Mr. Speaker, I do not have time to deal with the speech of the hon. member for Barberton in any detail. I just wish to say two things. The first is that if he wishes to know about the actions of the Rev. David Russell the best thing is for the Government to unban him so that he will be able to answer the questions which the hon. member has posed in the House.
Why did he not give evidence?
Ask that of the Rev. David Russell. If he is unbanned, I am sure he will be able to answer that question. Secondly, the hon. member is of course not right when he says that the banning of The World and Weekend World had nothing whatever to do with the unrest because those newspapers were only banned in October 1977 while the unrest began in June 1976. The hon. member himself then told us that Mr. Qoboza had been called in time and again and warned about the statements the newspapers were carrying and the sort of leading articles which were, according to the Government, provoking further unrest. The commission’s report shows one thing very clearly, and that is that the Press did not have anything to do with either the outbreak of unrest or the continuation of unrest. Therefore, I think the demand that both The World and Weekend World should be unbanned is a reasonable one, and I personally would support it.

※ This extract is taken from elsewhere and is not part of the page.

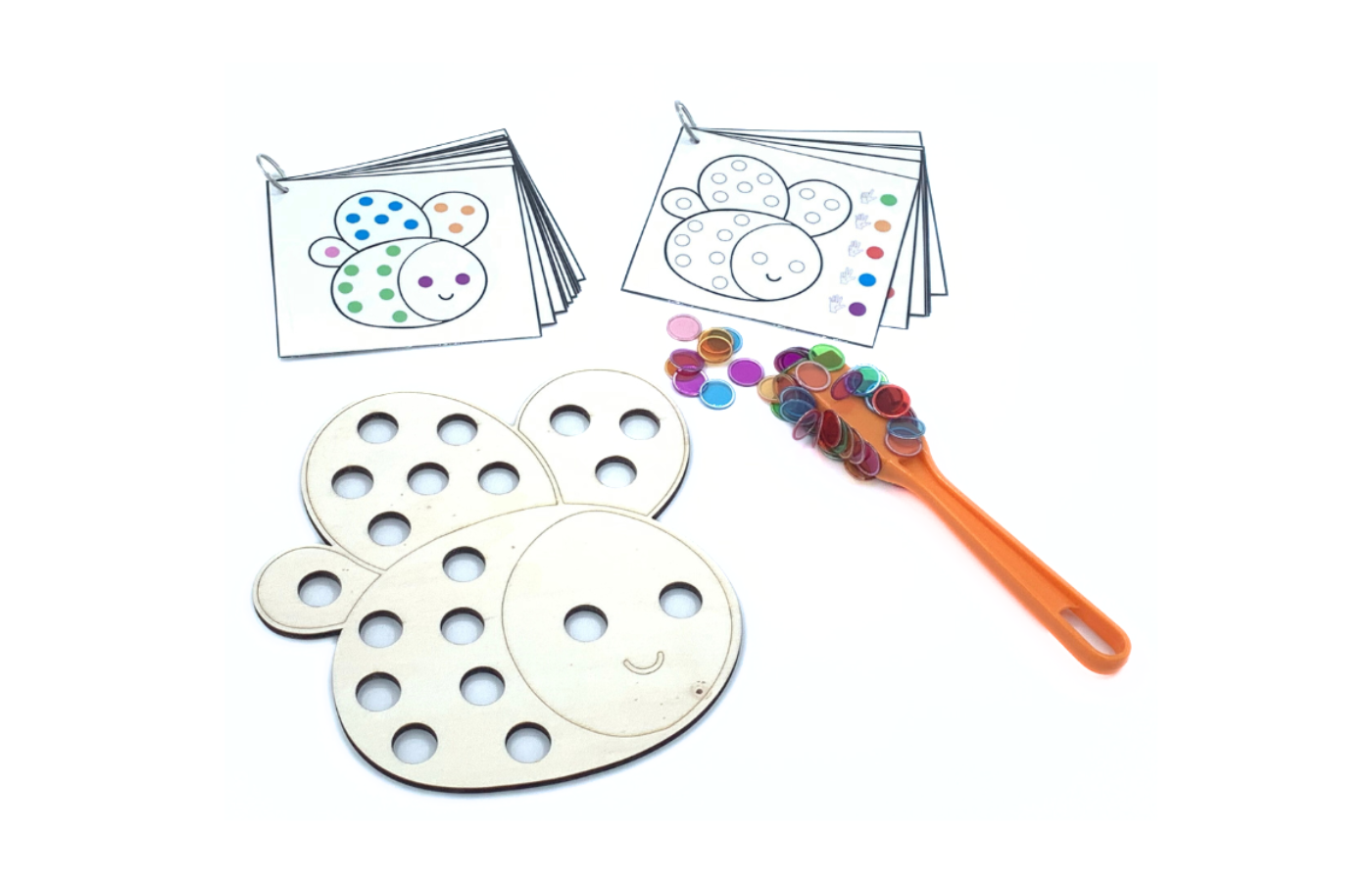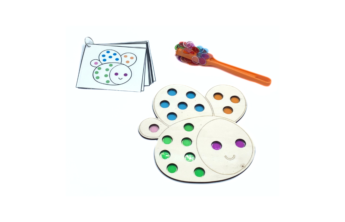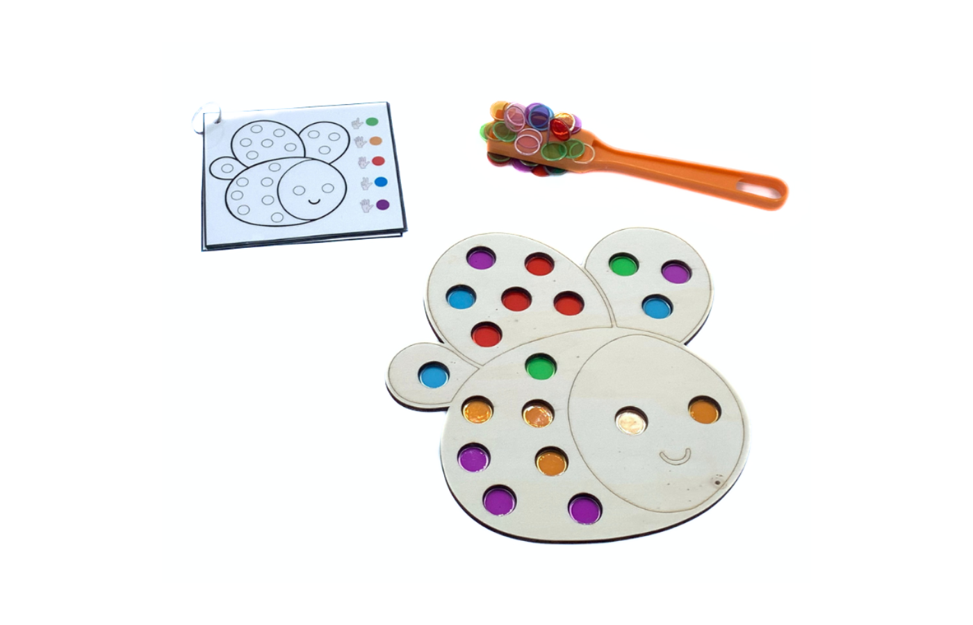 Fijnmotorisch spel met betrekking op ruimtelijke oriëntatie. De kinderen leggen de magneetfiches in de gaatjes van de bij op basis van een opdrachtkaart. Met de magneetstok kunnen de kinderen de fiches op een leuke manier van het spelbord halen.

Sir, we are reaching the end of a long and interesting debate and a lot of hon. members have had much to say about the Cillié Commission’s report. I should like to add a few comments of my own. The first is that I am on record as criticizing the tardy appearance of the Cillié Commission’s report. I do not withdraw that criticism. What I do withdraw, however, is the further comment I made, which was that because it has taken so long to produce, it would have no value. I withdraw that remark because I do believe that the report does, in fact, have value.
Simply because it suits you now.
Firstly, it presents, in detail, a very vivid picture of the disaster that struck South Africa.
Had it not suited you, you would not have accepted it.
Mr. Speaker, I hope I am going to get the same treatment from the Chair as other hon. members have got.
Order!
Thank you. It presents, in detail, a vivid picture of the disaster that struck South Africa with such devastating consequences on 16 June 1976 and which continued, in fact, well beyond the period examined by the commission, because the commission’s report ends with events that took place on 28 February 1977, whilst the riots went on well into the first half of 1978.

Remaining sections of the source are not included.